Quelles conséquences en 2005, et à plus long terme ?

L’impact de la hausse du prix du pétrole sur le projet de budget pour 2005 a donné lieu à débat, notamment au Parlement. Le projet de loi de finances est en effet fondé sur une hypothèse de croissance de 2,5%. Estimant la hausse des cours du pétrole de nature conjoncturelle, le gouvernement a apporté des aides ponctuelles pour certaines professions particulièrement touchées comme les marins pêcheurs, les transporteurs routiers et les agriculteurs.

Parmi les analyses qui confortent cette position sur le caractère conjoncturel de l’envolée des cours du pétrole figurent les projections faites par le ministère de l’économie et par l’Agence internationale de l’énergie (AIE) et l’OCDE. Pour le ministère, une augmentation de 20% début 2006 (le baril de Brent passant de 35 dollars à 42 en moyenne) se traduirait par un ralentissement de la croissance de 0,1 point en 2006 puis 0,2 point en 2007 et 2008. Avec une augmentation d’un demi-point de l’inflation au bout de 2 ans, l’effet sur les finances publiques serait quasi nul.
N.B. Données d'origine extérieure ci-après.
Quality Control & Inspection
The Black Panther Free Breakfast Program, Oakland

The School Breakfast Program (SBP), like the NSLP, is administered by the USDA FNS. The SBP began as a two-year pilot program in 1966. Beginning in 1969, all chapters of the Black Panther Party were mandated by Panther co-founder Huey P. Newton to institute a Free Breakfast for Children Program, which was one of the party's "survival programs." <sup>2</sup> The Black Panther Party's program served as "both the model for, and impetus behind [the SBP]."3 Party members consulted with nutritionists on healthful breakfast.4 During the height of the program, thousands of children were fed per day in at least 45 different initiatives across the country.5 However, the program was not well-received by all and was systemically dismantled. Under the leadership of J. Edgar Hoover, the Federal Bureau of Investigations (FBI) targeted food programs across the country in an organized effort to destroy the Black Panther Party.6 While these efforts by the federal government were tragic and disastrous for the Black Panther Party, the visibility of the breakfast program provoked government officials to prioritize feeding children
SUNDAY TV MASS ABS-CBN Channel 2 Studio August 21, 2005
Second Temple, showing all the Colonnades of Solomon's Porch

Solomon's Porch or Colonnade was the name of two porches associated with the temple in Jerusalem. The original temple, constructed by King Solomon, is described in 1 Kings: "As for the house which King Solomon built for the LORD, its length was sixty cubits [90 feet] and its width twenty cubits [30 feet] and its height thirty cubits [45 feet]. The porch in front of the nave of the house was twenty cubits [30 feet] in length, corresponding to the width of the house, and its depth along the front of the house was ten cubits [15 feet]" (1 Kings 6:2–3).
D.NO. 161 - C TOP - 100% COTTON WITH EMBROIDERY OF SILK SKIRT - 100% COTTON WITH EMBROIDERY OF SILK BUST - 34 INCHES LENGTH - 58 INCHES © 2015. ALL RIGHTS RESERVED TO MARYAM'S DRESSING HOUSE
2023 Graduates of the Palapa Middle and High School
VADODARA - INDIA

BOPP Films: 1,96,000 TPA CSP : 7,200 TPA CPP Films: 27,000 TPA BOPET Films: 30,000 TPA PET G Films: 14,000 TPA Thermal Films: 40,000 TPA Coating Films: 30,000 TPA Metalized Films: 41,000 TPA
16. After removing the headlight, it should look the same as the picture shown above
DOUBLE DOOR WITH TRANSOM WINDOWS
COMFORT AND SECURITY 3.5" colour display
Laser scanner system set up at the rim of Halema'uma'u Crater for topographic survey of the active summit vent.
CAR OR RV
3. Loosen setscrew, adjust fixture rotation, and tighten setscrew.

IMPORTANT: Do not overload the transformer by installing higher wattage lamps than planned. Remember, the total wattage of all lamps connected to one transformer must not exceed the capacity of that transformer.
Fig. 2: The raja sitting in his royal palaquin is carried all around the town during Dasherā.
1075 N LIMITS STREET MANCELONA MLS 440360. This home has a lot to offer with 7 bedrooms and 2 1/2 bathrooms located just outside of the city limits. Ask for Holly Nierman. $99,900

La Direction générale de l’énergie et des matières premières considère que l’envolée des cours constatée en 2004 n’a encore produit ni effet baissier sur la demande ni augmentation de l’effort d’exploration de la part des compagnies pétrolières. Selon l’AIE et l’OCDE, une hausse de 10 dollars par baril coûterait aux pays de l’OCDE 0,4 point de croissance (-0,12 pour la France en raison de son parc nucléaire).

A plus long terme, quel effet aura la hausse du prix du pétrole ? A l’horizon 2050, toutes les prévisions indiquent que l’accroissement de la demande d’énergie primaire se poursuivra à un rythme soutenu dans les prochaines décennies et que la part du pétrole dans ces besoins restera prédominante. La hausse de la demande de pétrole accélérera l’épuisement de la ressource, les nouvelles découvertes de gisements pétroliers étant de plus en plus rares.